3.2 Personal Data Servers (PDS)

3.3 Indexing Infrastructure

3.4 Labelers and Feed Generators

3.5 User Identity

4 Related Work

5 Conclusions, Acknowledgments, and References

3.1 User Data Repositories

All data that a user wishes to publish is added to their repository, which stores a collection of records. Whenever a user performs some action – making a post, liking another user’s post, following another

\ Figure 3: The main services involved in providing Bluesky, and data flows between them. Icons from Flaticon.com.

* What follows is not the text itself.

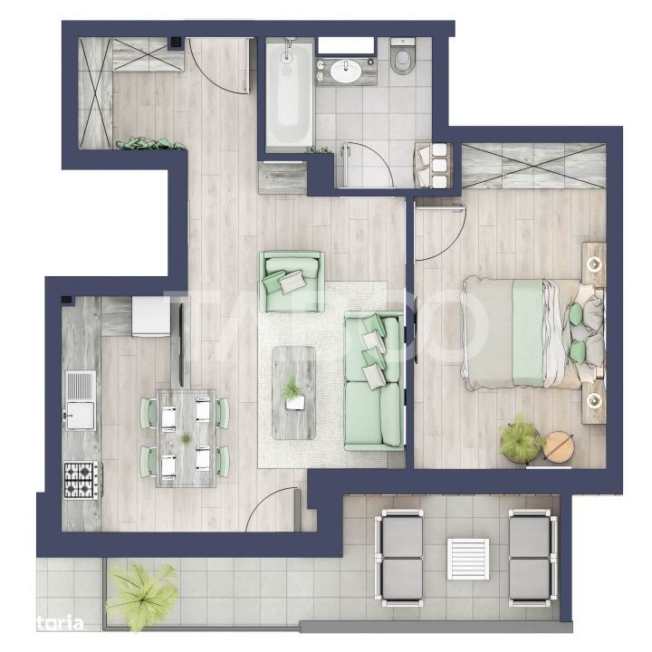 Comision 0 apartament 2 camere de vanzare, semidecomandat, 47 mp utili, zona Turnisor, Sibiu. Cauti un apartament la parter sau parter inalt! Programeaza o vizionare pentru acest apartament pozitionat la parterul inalt cat un etaj 1, si convinge-te ca este ceea ce iti doresti. In plus, ansamblul este amenajat intr-o zona retrasa, de case, avand diverse amplasamente pentru agrement precum zona de gratar, zona de fitness si parc de joaca pentru copii. • Locatie ferita de aglomeratie; • Boxa la subsol inscrisa in acte; • Parcare extra pentru vizitatori; • Zone de agrement. TABOO Imobiliare propune un apartament de vanzare cu 2 camere, semidecomandat, situat in localitatea Sibiu, zona Turnisor, aflat la etajul parterul unui imobil tip bloc cu regim de inaltime pe Parter + 3 Etaje + Etaj Retras; anul constructiei 2025, structura caramida. Suprafata utila de 47 mp + balcon de 10 mp. • Hol; • Bucatarie cu living; • Baie; • Dormitor; • Balcon. • Usa intrare: metal; • Usi interioare: celulare; • Tamplarie ferestre: pvc, termopan; • Pereti: var, faianta; • Podele: parchet, gresie. • Bucatarie: nemobilata, neutilata; • Mobilat: nemobilat; • Utilitati: curent electric, apa, canalizare, gaz, catv, fibra optica; • Izolatii: exterior, bloc izolat termic; • Contorizare: apometre, contor caldura, contor gaz, contorizare separata; • Caracteristici bloc: videointerfon, lift, acoperis. Apartamentul se vinde nemobilat si neutilat. Pretul de vanzare afisat nu contine TVA si se poate achizitiona prin urmatoarele variante: • cu TVA 9% cu predare "la cheie", echipat cu peret finisati cu vopsea lavabila alba, faianta, gresie, parchet, usi inetrioare, vas toaleta, lavoar cu chiuveta si baterie. Bugetul pentru finisaje incluse este de 8.580€ + TVA; • cu TVA 19% cu predare "la alb". Incalzirea se realizeaza prin centrala proprie si incalzire in pardoseala. Apartamentul nu detine loc de parcare inclus, acesta putand fi achizitionat extra. Imaginile sunt cu titlu informativ, iar ca si modalitate de plata surse proprii sau credit bancar. Pret: 122.089€ Sună-ne acum și află detalii despre această proprietate de vanzare din Sibiu, dar și despre alte proprietăți potrivite pentru tine.

\ user, etc. – that action becomes a record in their repository. Records are encoded in DAG-CBOR [45], a restricted form of CBOR [17], a compact binary data format. The schema of records is defined by the lexicon, and a repository may contain a mixture of records from several different lexicons, representing user actions in different social modes. Media files (e.g. images) are stored outside of the user’s repository, but referenced by their CID [32] (essentially a cryptographic hash) from a record in the repository. Similarly, a reference to a record in another repository (e.g. identifying a post being liked) also includes its CID.

\ Each user account has one repository, and it contains all of the actions they have ever performed, minus any records they have explicitly deleted. A Personal Data Server (PDS) hosts the user’s repository and makes it publicly available as a web service; we discuss PDSes in more detail in Section 3.2.

\ A user only updates their own repository; for example, if user 𝐴 follows user 𝐵, this results only in a follow record in user 𝐴’s repository, and no change to 𝐵’s repository. To find all followers of user 𝐵 requires indexing the content of all repositories. This design decision is similar to the way hyperlinks work on the web: it is easy to find all the outbound links from a web page at a given URL, but to find all the inbound links to a page requires an index of the entire web, which is maintained by web search engines.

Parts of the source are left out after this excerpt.